Goal of the exercise =
The result should be the listing below restated word for word, with images left out.
BEGIN Supplied data
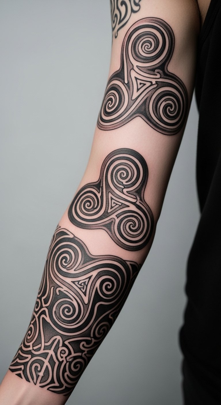 Cover your arm with a full triskelion sleeve. It’s a big statement. Break it into sessions for savings. Plan at home with sketches. Mix inks wisely. Spread out visits. Design it step by step. Long sleeves mask it. Use body paint first. Care with daily creams.
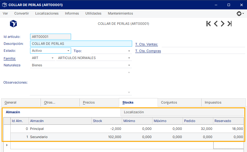 Tendremos la opción de ver y consultar la información del estado del stock desde múltiples formularios. En este ejemplo lo veremos desde la ficha del artículo.
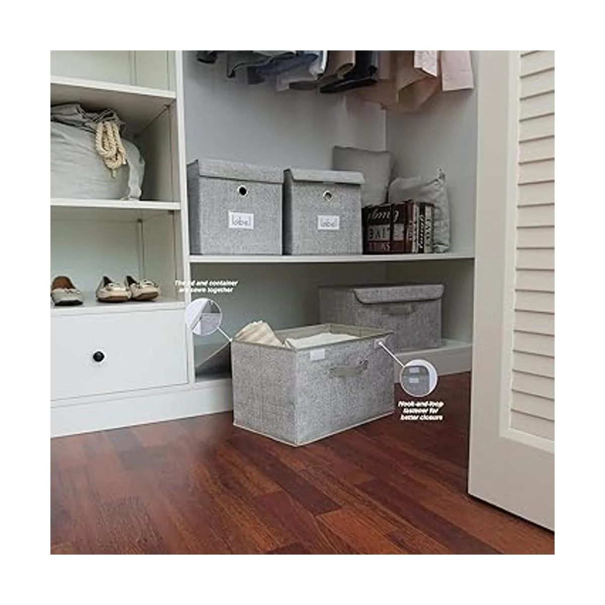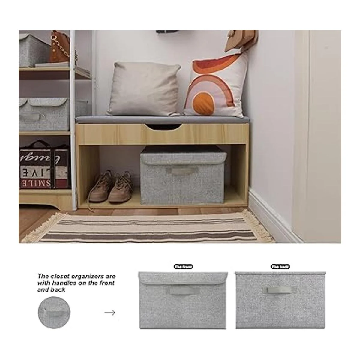 Diseño para mayor comodidad: con asas en la parte delantera y trasera, las cajas organizadoras de armario son convenientes para sacar del estante y fáciles de llevar.
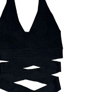 NWT women’s FORTE FORTE Italian my knit black cropped waist tie tank top size 2
END Supplied data
Result of this task =
 Cover your arm with a full triskelion sleeve. It’s a big statement. Break it into sessions for savings. Plan at home with sketches. Mix inks wisely. Spread out visits. Design it step by step. Long sleeves mask it. Use body paint first. Care with daily creams.
 Tendremos la opción de ver y consultar la información del estado del stock desde múltiples formularios. En este ejemplo lo veremos desde la ficha del artículo.
 Diseño para mayor comodidad: con asas en la parte delantera y trasera, las cajas organizadoras de armario son convenientes para sacar del estante y fáciles de llevar.
 NWT women’s FORTE FORTE Italian my knit black cropped waist tie tank top size 2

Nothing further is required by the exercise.